1. Field of the Invention
The present invention generally relates to audio coding. More particularly, the present invention relates to a device and a method for scalable audio coding.
2. Background of the Invention
Multimedia streaming provides real-time video and audio services over a communication network, and in the last decade has become one of the primary tools for transmitting video and audio signals. Various aspects of multimedia streaming have become the focus of research and product development. One aspect is the capability of adjusting, in real time, the content or amount of multimedia data according to channel conditions, such as channel traffic or bit rate available for transmitting data over one or more communication channels. In particular, because the channel bandwidth available for transmitting multimedia data may vary over time, the content or the amount of the data transmitted may be adjusted over time accordingly to accommodate bandwidth variations, maximize the use of bandwidth, and/or minimize the impact of limited bandwidth. However, traditional coding methods are typically designed for transmitting data at a fixed bit rate and may frequently be impacted by bandwidth variations.

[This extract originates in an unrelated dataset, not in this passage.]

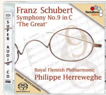
PTC 5186 372

The European musical press acknowledged Philippe Herreweghe's artistic vision by proclaiming him Musical Personality of the Year in 1990. In 1993, Philippe Herreweghe and the Collegium Vocale Gent were appointed Cultural Ambassadors in Flanders. A year later he was awarded the Order of the Officier des Arts et Lettres and in 1997, Philippe Herreweghe received an honorary doctorate from Louvain University. In 2003, he was made a Chevalier de la Légion d'Honneur in France.

Fine Granularity Scalability (“FGS”) coding is a coding method allowing the transmission bit rate to vary over time. The concept of FGS makes a set of data, or at least part of that data, “scalable,” which means that data may be transmitted with varied length or in discrete portions without affecting a receiver's ability to decode the data. Due to the limitations of fixed bit-rate coding noted above and the scalability of FGS, it has become a popular option for real-time streaming applications. In particular, the Motion Picture Experts Group (“MPEG”) has adopted FGS coding and incorporated it into the MPEG-4 standard, a standard covering audio coding and decoding.
Another coding technique, scalable video coding, has recently been proposed to provide FGS features. For example, a Scalable Lossless (“SLS”) coder, which uses FGS coding approaches, has been proposed to be incorporated into MPEG standards.

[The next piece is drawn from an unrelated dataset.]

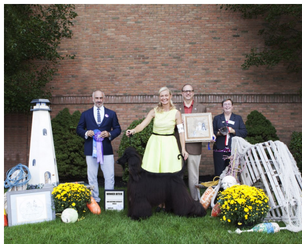
Winners Bitch Luu-Luu Aswad Bint Benazir Von Haussman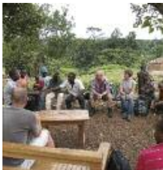
GAAM meeting with the inhabitants of Barpa, Nimba County.

There is public dissatisfaction with the manner in which the fund is being managed by the government and ArcelorMittal. Reports of misappropriation and misuse of the fund are widespread, but none of those implicated in the alleged misuse of money from the fund, has been investigated or punished. Although the President, H. E. Ellen Johnson Sirleaf lamented this in her state of the nation address in January, to date there has been no indication that anyone will be held accountable for the misuse of the funds. Instead of the fund contributing to the government’s efforts to meet the objectives of the Poverty Reduction Strategy, it is apparent that the fund has been turned into a cash cow for corrupt local officials and their agents. This raises doubts about whether the fund will achieve its stated objectives of improving the lives of peoples affected by ArcelorMittal operations in Liberia.

However, current coding approaches, such as those of SLS coders, may be limited in accommodating bit-rate variations or low bit-rate availabilities. The quality improvement derived from employing additionally available bandwidth may be, under some circumstances, limited. There is therefore a need for improved coding techniques.
An audio coding method consistent with the present invention includes receiving audio signals; processing the audio signals to generate base data and enhancement data; and rearranging the enhancement data according to sectional factors associated with spectral sections of the enhancement data to allow output data to be generated from rearranged enhancement data. In one embodiment, the base data contain data capable of being decoded to generate a portion of the audio signals, and the enhancement data cover at least two spectral sections of data representative of a residual portion of the audio signals.

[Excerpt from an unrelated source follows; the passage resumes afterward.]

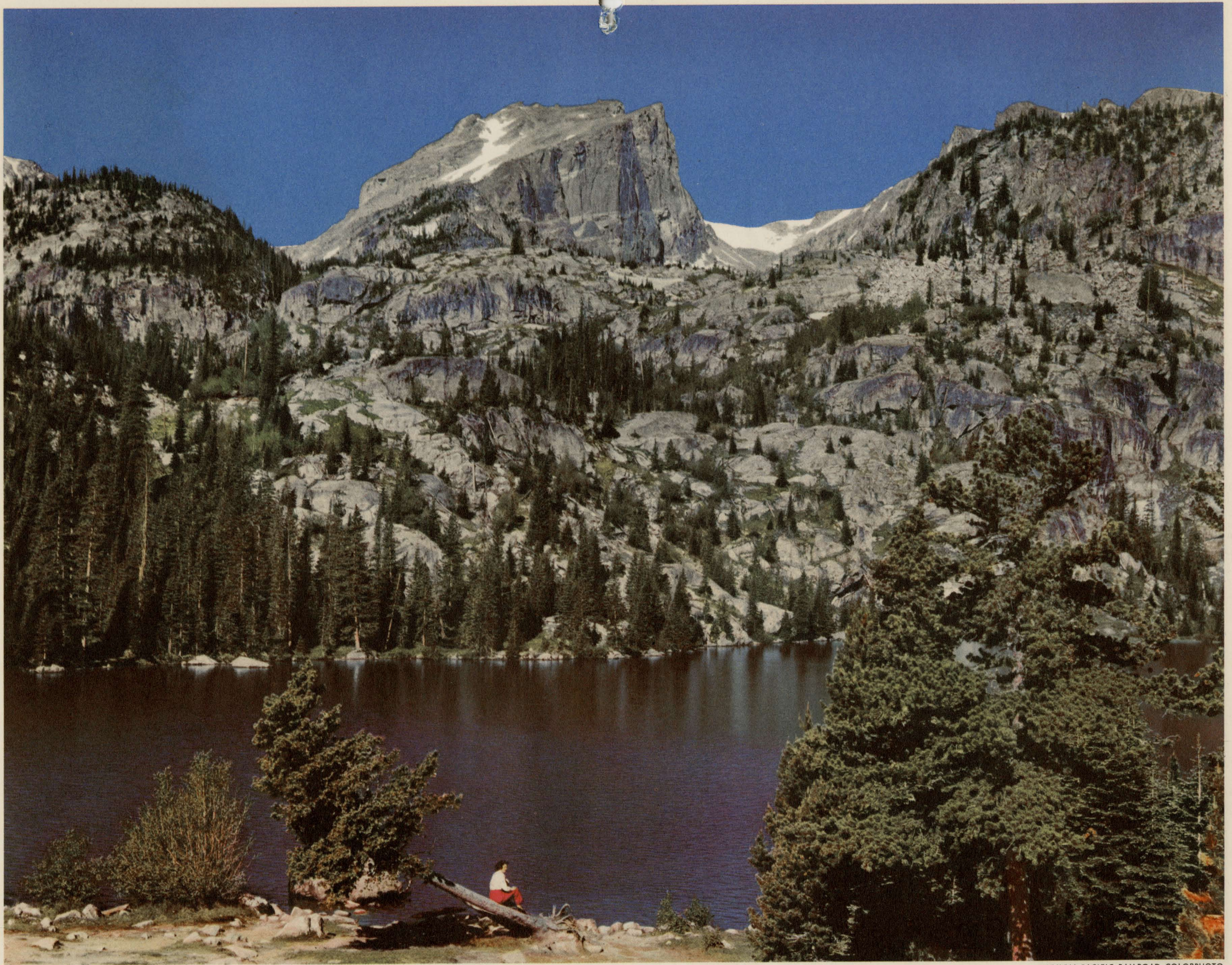
BEAR LAKE AND HALLETT PEAK, ROCKY MOUNTAIN NATIONAL PARK, COLORADO

A bit rearranging process for audio coding consistent with the present invention includes receiving base data and enhancement data representative of audio signals; calculating zero-line ratios of the base data of spectral sections; and rearranging enhancement data by up-shifting a section of the enhancement data by at least one plane if a corresponding zero-line ratio is higher than or equal to a prescribed ratio bound. In one embodiment, the base data contain data capable of being decoded to generate a portion of the audio signals, and the enhancement data cover at least two spectral sections of data representative of a residual portion of the audio signals. In addition, a zero-line ratio of a section is the ratio of the number of spectral lines with zero quantized value to the number of spectral lines in that section in the base data.
A method of determining band significance of enhancement data derived from audio signals consistent with the present invention includes calculating zero-line ratios of bands of base data derived from the audio signals and deriving a band significance of the band of the enhancement data according to the corresponding zero-line ratios of the associated bands. In particular, a zero-line ratio of a band being the ratio of the number of lines with zero quantized value to the number of lines in that band in the base data.
An audio coding device consistent with the present invention includes an audio coder for receiving audio signals and generating base data and enhancement data; and a rearranging device coupled to the audio coder. The rearranging device rearranges the enhancement data according to sectional factors of spectral sections to allow output data to be generated from rearranged enhancement data. In one embodiment, the base data contain data capable of being decoded to generate a portion of the audio signals, and the enhancement data cover at least two spectral sections of data representative of a residual portion of the audio signals.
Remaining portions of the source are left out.